● REQUIREMENT
Please return only the lines from the one holding "消費者住店受到傷害投訴案(17.58KB)" through the one holding "남거창농협과 신원농협 합병안 조합원 찬반투표 실시 모습", exactly as they appear in the records below, both ends included.

● GIVEN DATA
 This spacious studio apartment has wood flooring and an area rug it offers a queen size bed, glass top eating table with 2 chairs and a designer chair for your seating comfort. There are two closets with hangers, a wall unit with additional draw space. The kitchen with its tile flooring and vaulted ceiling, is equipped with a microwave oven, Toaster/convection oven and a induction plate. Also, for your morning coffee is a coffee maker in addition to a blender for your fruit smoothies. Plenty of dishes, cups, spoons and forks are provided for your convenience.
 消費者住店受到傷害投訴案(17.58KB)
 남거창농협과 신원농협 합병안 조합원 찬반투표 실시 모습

---

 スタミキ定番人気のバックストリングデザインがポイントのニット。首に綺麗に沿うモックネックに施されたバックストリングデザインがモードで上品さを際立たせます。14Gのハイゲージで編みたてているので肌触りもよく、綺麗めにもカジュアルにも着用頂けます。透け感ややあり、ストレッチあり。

--

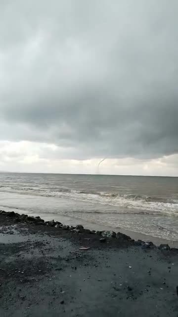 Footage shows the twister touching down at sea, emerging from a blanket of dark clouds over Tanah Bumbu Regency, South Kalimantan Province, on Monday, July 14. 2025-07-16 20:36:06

● YOUR RESPONSE
 消費者住店受到傷害投訴案(17.58KB)
 남거창농협과 신원농협 합병안 조합원 찬반투표 실시 모습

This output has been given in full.